A news report I'd like to read:New agreement added to wedding ceremonies.A friend or relative of the wedding couple will serve as the supporter of a new
* additional wedding agreement. The Supporter will deliver the following, verbally and in writing, to each partner prior to the vows:
"I'd like you agree to call me immediately after your first heated (angry) argument. Together we will become clear about the incident so as to complete it; this clearing process supports us in communicating responsibly (from cause). It acknowledges our addiction to blaming and to abusing and being abused, to unconsciously setting life up to be abused. Specifically, it acknowledges our addiction to withholding and to dragging remnants of prior arguments (incompletes) into supposedly new arguments. Talking about an incident causes more of the same whereas communication restores your integrity (specifically, disappearing blame and make-wrong) and puts you back in choice—to abuse or not. Can I count on you to honor this agreement?"
This Supporter's Agreement, a.k.a. the
Wedding Guest Vow, supports responsibility for all concerned. It supports the following premise:
Between couples there are no abuse "victims," merely consenting sparring partners.
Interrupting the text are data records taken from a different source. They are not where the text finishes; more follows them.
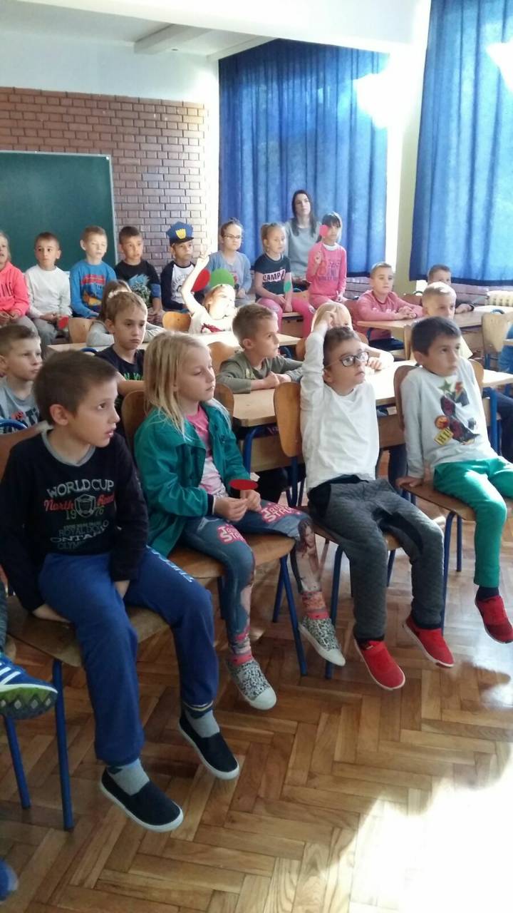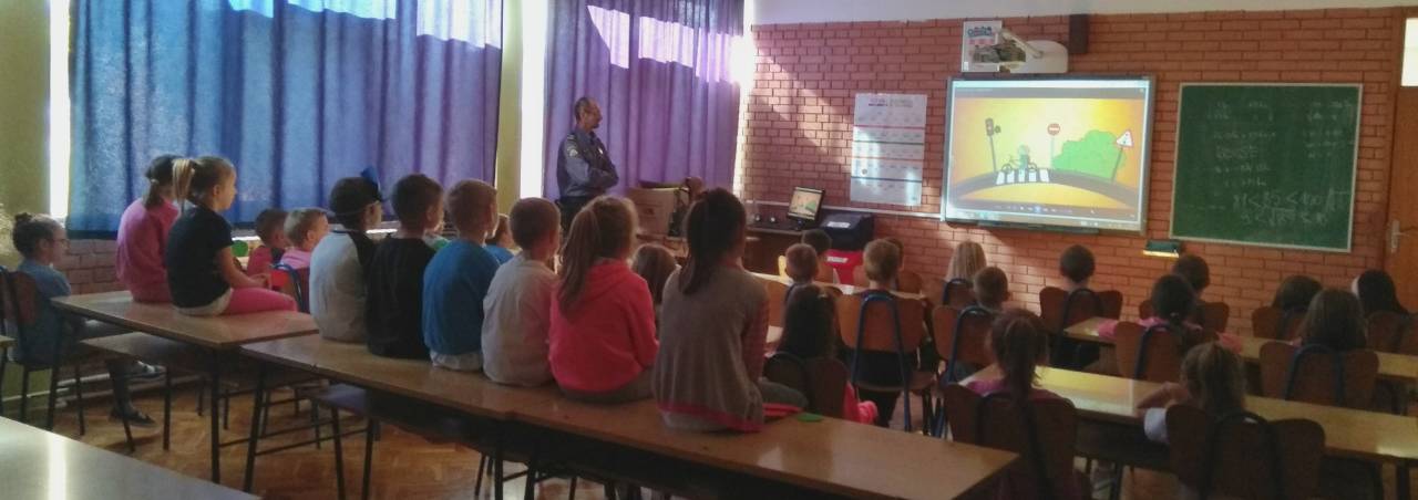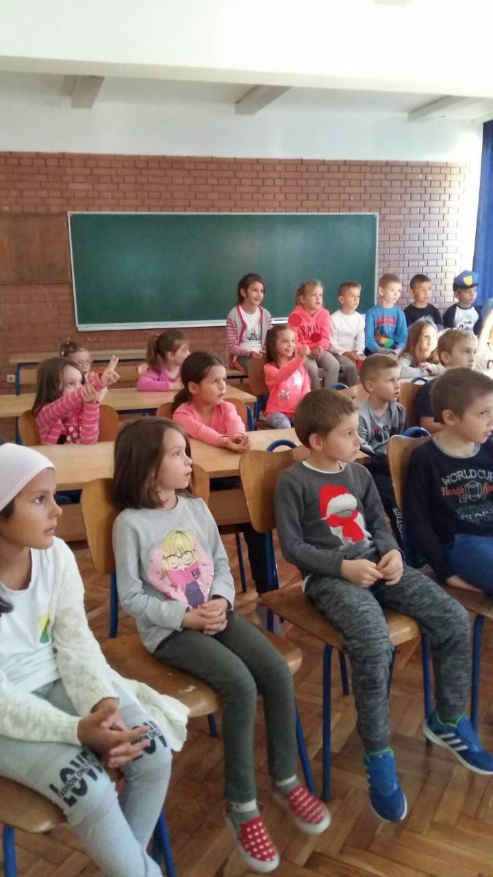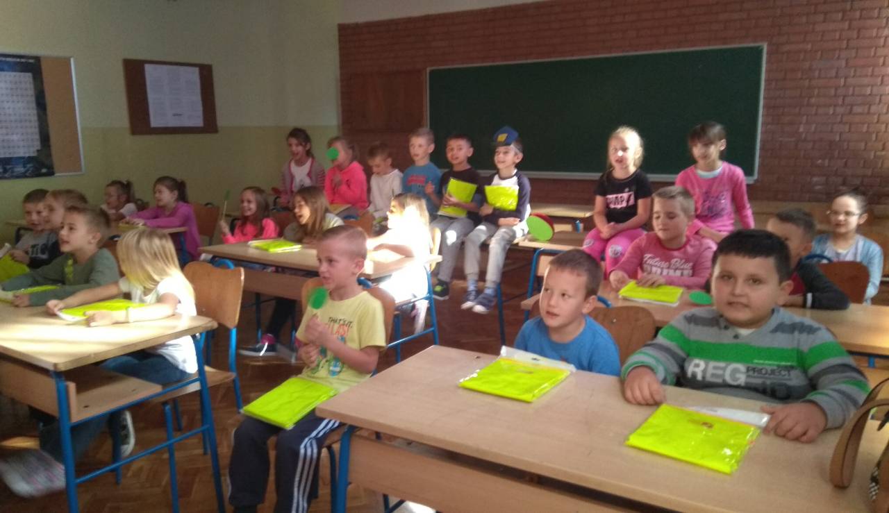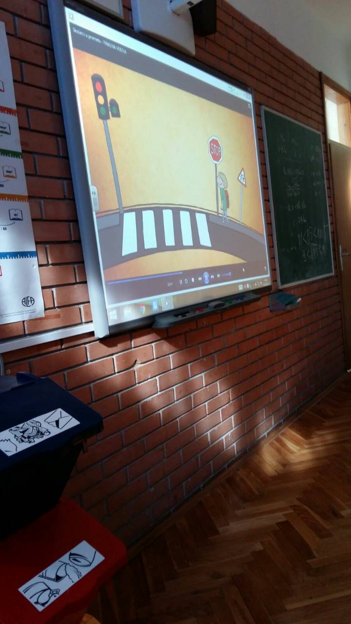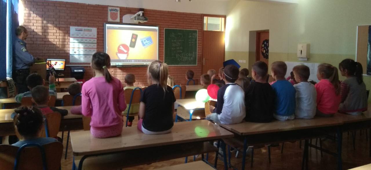 Gospodin Pero učenike je razgovorom te prigodnim crtanim filmom podsjetio na važnost opreznog ponašanja u prometu. Strpljivo je saslušao učenička prometna iskustva te odgovarao na sva njihova pitanja.
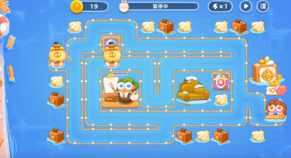 这一关虽然只有两个出怪口但是有四条路线,因此玩家需要尽快在路段的外圈建造炮塔。开启给出的浮板只有两个,而且其中一个浮板上...
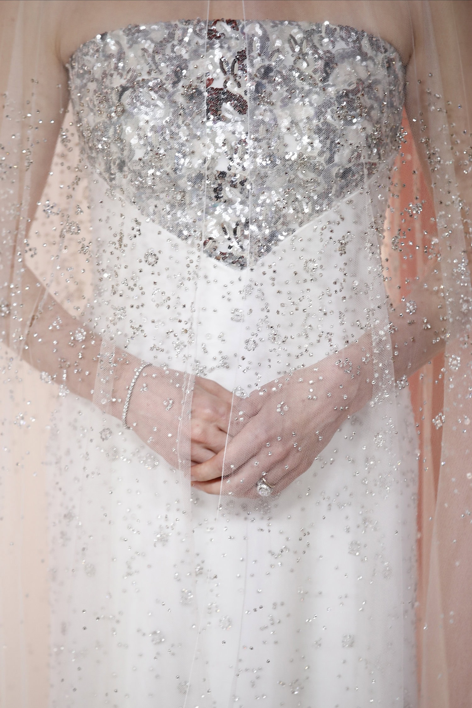 Williamsin valkoinen asu oli brodeerattu hopeilla ja valkoisilla käsinommelluilla paljeteilla, strasseilla ja helmillä. Asun selässä oli valkoinen rusetti. Kokonaisuuden kruunasi läpinäkyvä tylliviitta. Koko asun luomiseen kului yli 900 tuntia.

All physical abuse begins with incident #1 (usually a non-verbal or verbal abuse) that was not resolved through to mutual satisfaction. The "victim" did not insist upon their partner communicating, "I get that what I said earlier did not feel good."
Note 1: This agreement is not meant to prevent divorces, only to support mutually satisfying open and honest, blame-free, supportive relationships—whether a couple remains married or not.
Note 2: An argument is seldom about what each believes it's about; the burnt toast is just the trigger. The majority of arguments are about an earlier similar incident (often during childhood) that was not completed through to mutual satisfaction. Given our propensity for stuffing thoughts, ostensibly in the name of harmony, we accumulate dozens of
withholds that become
incompletes; typically, we explode abusively with a litany of collected incompletes. The situation is somewhat resolved but the source of the incident (who caused it, who intended it) was not acknowledged and so it's added to the list of incompletes that often include, "You never ...", "You always ...". "He always ...", etc. This knee-jerk pattern of blaming is repeated, even after the divorce.
* Actually, this has always been an implied agreement.